* Task item:
Would you print the records below from the first line through the line containing "当前位置: 91家纺网 >", skipping the pictures?

* Dataset items:
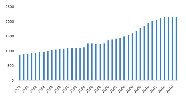 北京市1978-2017年常住人口(單位:萬(wàn)人)
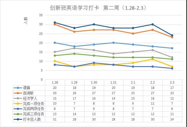 及时的总结和回顾是一项活动成功的保证,因此每日的班级学习情况汇总由李文丽同学负责,包括了每日汇报和每周总结。通过数据化和图表化的呈现,清晰地展现出同学们的学习状况,在激励大家坚持下“日日功”的同时,也营造出“你追我赶”的学习氛围。
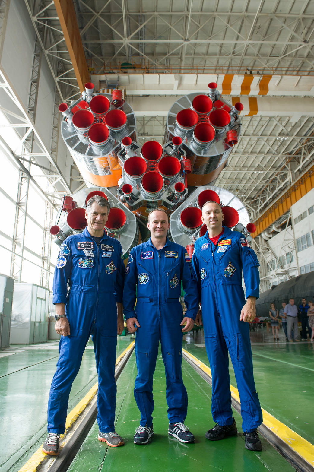 In the Integration Facility at the Baikonur Cosmodrome in Kazakhstan, Expedition 52-53 crewmembers Paolo Nespoli of the European Space Agency (left), Sergey Ryazanskiy of the Russian Federal Space Agency (Roscosmos, center) and Randy Bresnik of NASA (right) pose for pictures in front of the first stage engines of the Soyuz booster rocket July 24 as part of their final fit check dress rehearsal. They will launch July 28 aboard the Soyuz MS-05 spacecraft for a five-month mission on the International Space Station. Credit: Andrey Shelepin/Gagarin Cosmonaut Training Center
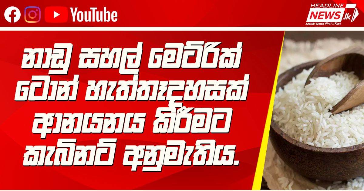 නාඩු සහල් මෙට්රික් ටොන් හැත්තෑදහසක් ආනයනය කිරීමට කැබිනට් අනුමැතිය.නාඩු සහල් මෙට්රික් ටොන්
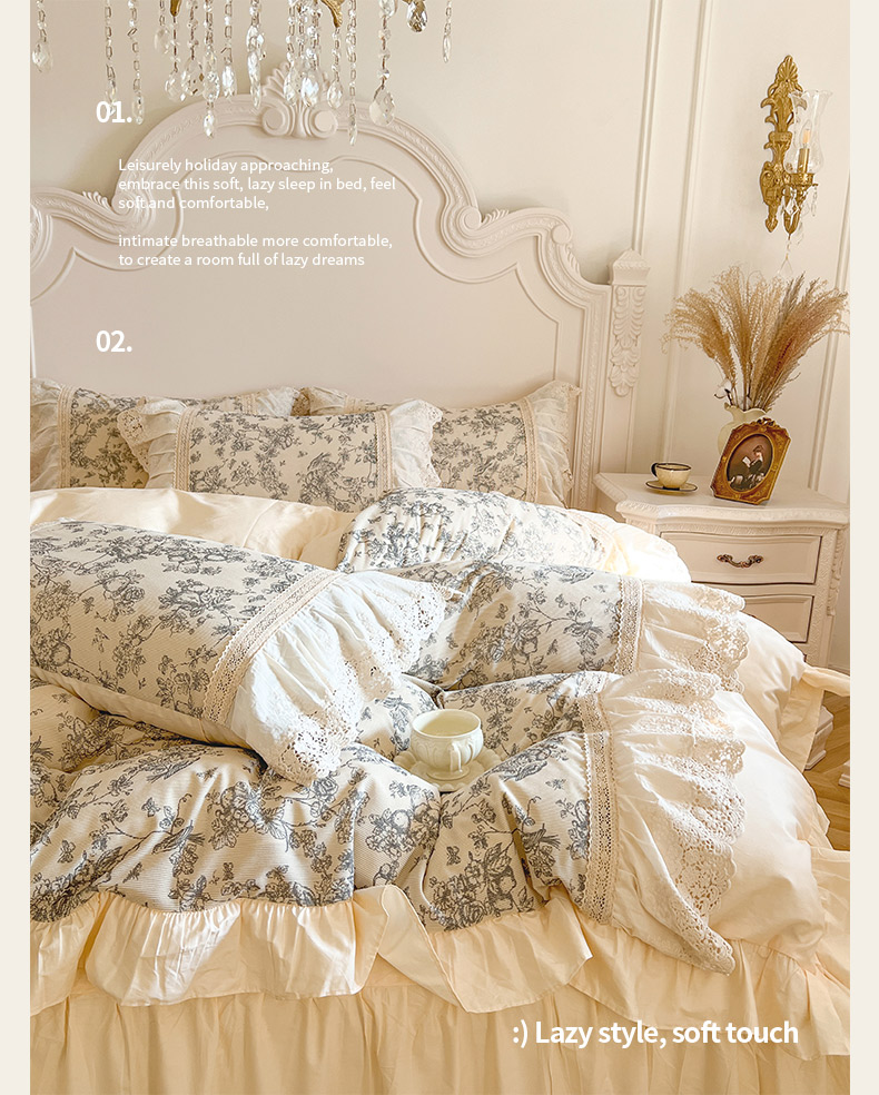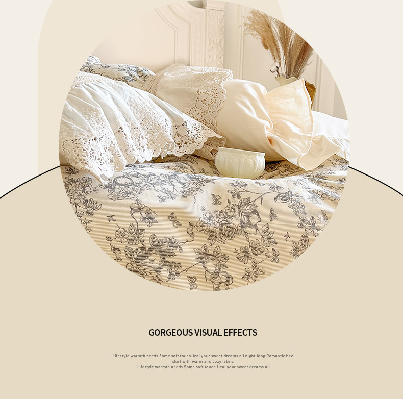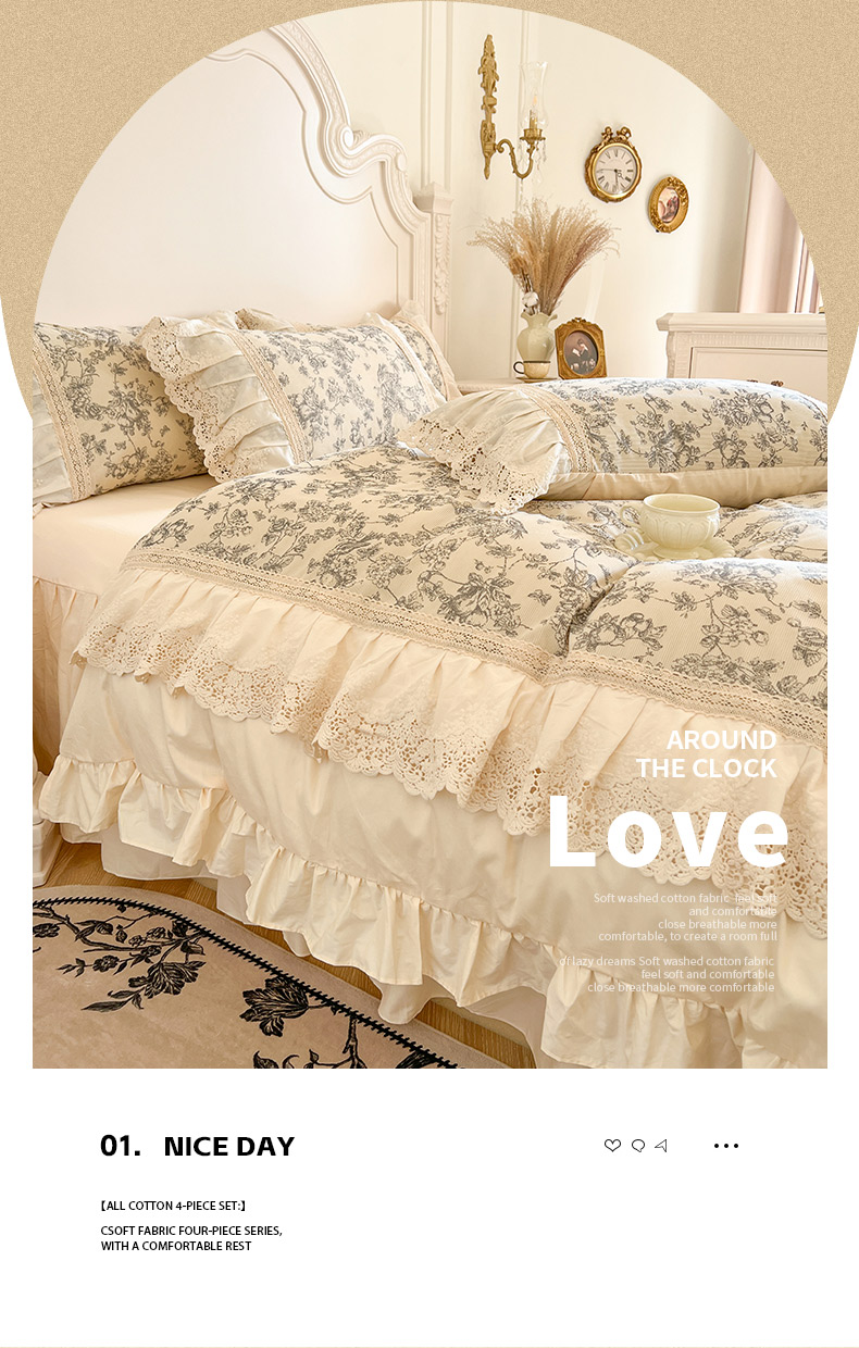 当前位置: 91家纺网 > 商品网购 > 床品套件 > 四件套 > 全棉普通四件套 > 亲亲公主 2025全棉法式花边四件套公主风 莫奈田园法式四件套
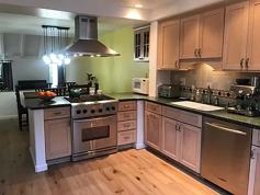 Ideally located between downtown Carmel and Monterey in a wooded setting. New hardwood floors throughout, stainless steel appliances in renovated gourmet kitchen. 2 bedrooms, full bath and hallway closet upstairs. Half bath, large living room with built-in bookcases and vaulted ceiling, study, kitchen, and dining room downstairs. Fully furnished throughout. Washer and dryer in unit. Private, gated stone terrace in front, large deck in back overlooking meadow and tennis courts. Swimming pool less than 40 feet away.
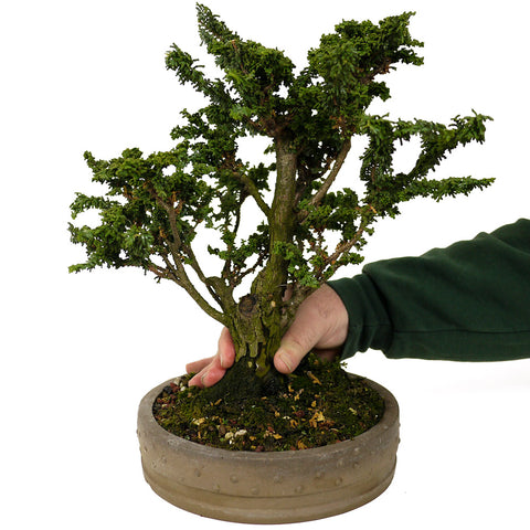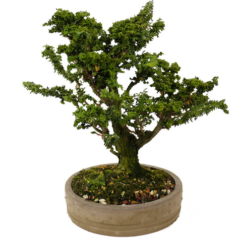 The common name for this attractive plant is Sekka Hinoki cypress and the botanical name is Chamaecyparis obtusa var Sekka. The Sekka variety is most appreciated for its fine tight emerald green foliage. Like most Hinoki and other Chamaecyparis (False cypress) it can tolerate winter temperature, but does require some protection where winters are very cold. A secure cold frame or out building is best, with some heat when temps are below 15F. Like all of our bonsai, the tree in the photo is the one you'll receive.

* Result of the exercise:
 北京市1978-2017年常住人口(單位:萬(wàn)人)
 及时的总结和回顾是一项活动成功的保证,因此每日的班级学习情况汇总由李文丽同学负责,包括了每日汇报和每周总结。通过数据化和图表化的呈现,清晰地展现出同学们的学习状况,在激励大家坚持下“日日功”的同时,也营造出“你追我赶”的学习氛围。
 In the Integration Facility at the Baikonur Cosmodrome in Kazakhstan, Expedition 52-53 crewmembers Paolo Nespoli of the European Space Agency (left), Sergey Ryazanskiy of the Russian Federal Space Agency (Roscosmos, center) and Randy Bresnik of NASA (right) pose for pictures in front of the first stage engines of the Soyuz booster rocket July 24 as part of their final fit check dress rehearsal. They will launch July 28 aboard the Soyuz MS-05 spacecraft for a five-month mission on the International Space Station. Credit: Andrey Shelepin/Gagarin Cosmonaut Training Center
 නාඩු සහල් මෙට්රික් ටොන් හැත්තෑදහසක් ආනයනය කිරීමට කැබිනට් අනුමැතිය.නාඩු සහල් මෙට්රික් ටොන්
 当前位置: 91家纺网 > 商品网购 > 床品套件 > 四件套 > 全棉普通四件套 > 亲亲公主 2025全棉法式花边四件套公主风 莫奈田园法式四件套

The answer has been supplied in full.